The listing is to be reproduced exactly, excluding its pictures.

| DATA PROVIDED |
□ □ □ □ □

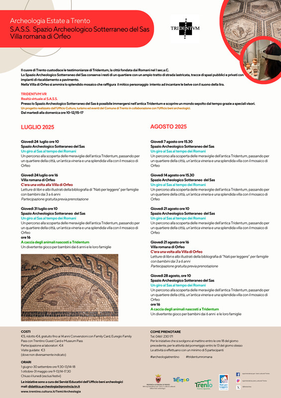 Tra le iniziative, per conoscere curiosità e aspetti inediti si potrà partecipare alle visite guidate “Un giro al Sas al tempo dei Romani”, un percorso in compagnia di un esperto alla scoperta delle meraviglie dell’antica Tridentum, passando per un quartiere della città allo Spazio Sotterraneo del Sas e un’antica vineria nell’area archeologica di Palazzo Lodron, per giungere infine alla splendida villa con il mosaico di Orfeo (24 e 31 luglio, 7, 14, 21 e 28 agosto). Sono dedicati alle famiglie con bambini dai 3 a 6 anni “C’era una volta alla Villa di Orfeo”, letture di libri e albi illustrati della bibliografia di “Nati per leggere” (24 luglio e 21 agosto) e “A caccia degli animali nascosti a Tridentum”, un divertente gioco per bambini a partire dai 6 anni per avvicinare i più piccoli all’affascinante mondo dell’archeologia (31 luglio e 28 agosto).
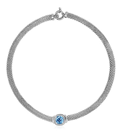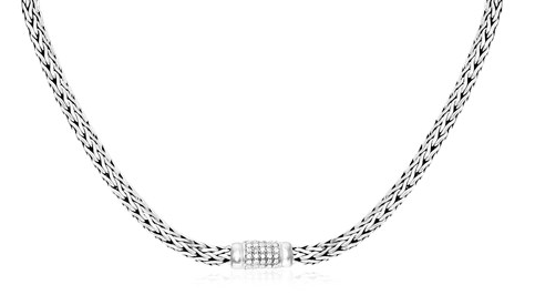 White Sapphire Embellished Woven Chain Necklace in Sterling Silver Stock Number: 06882 A beautifully designed sterling silver woven necklace with a white sapphire accented bar. Available in size 18 inches. Price $486.50
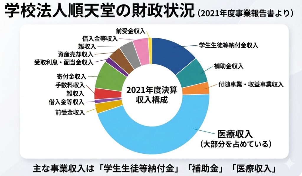 なかでも医療収入が収入全体の大部分を占めており、順天堂医院をはじめとする附属病院が法人の財務を強力に支えています。

□ □ □ □ □

| YOUR SOLUTION |
 Tra le iniziative, per conoscere curiosità e aspetti inediti si potrà partecipare alle visite guidate “Un giro al Sas al tempo dei Romani”, un percorso in compagnia di un esperto alla scoperta delle meraviglie dell’antica Tridentum, passando per un quartiere della città allo Spazio Sotterraneo del Sas e un’antica vineria nell’area archeologica di Palazzo Lodron, per giungere infine alla splendida villa con il mosaico di Orfeo (24 e 31 luglio, 7, 14, 21 e 28 agosto). Sono dedicati alle famiglie con bambini dai 3 a 6 anni “C’era una volta alla Villa di Orfeo”, letture di libri e albi illustrati della bibliografia di “Nati per leggere” (24 luglio e 21 agosto) e “A caccia degli animali nascosti a Tridentum”, un divertente gioco per bambini a partire dai 6 anni per avvicinare i più piccoli all’affascinante mondo dell’archeologia (31 luglio e 28 agosto).
 White Sapphire Embellished Woven Chain Necklace in Sterling Silver Stock Number: 06882 A beautifully designed sterling silver woven necklace with a white sapphire accented bar. Available in size 18 inches. Price $486.50
 なかでも医療収入が収入全体の大部分を占めており、順天堂医院をはじめとする附属病院が法人の財務を強力に支えています。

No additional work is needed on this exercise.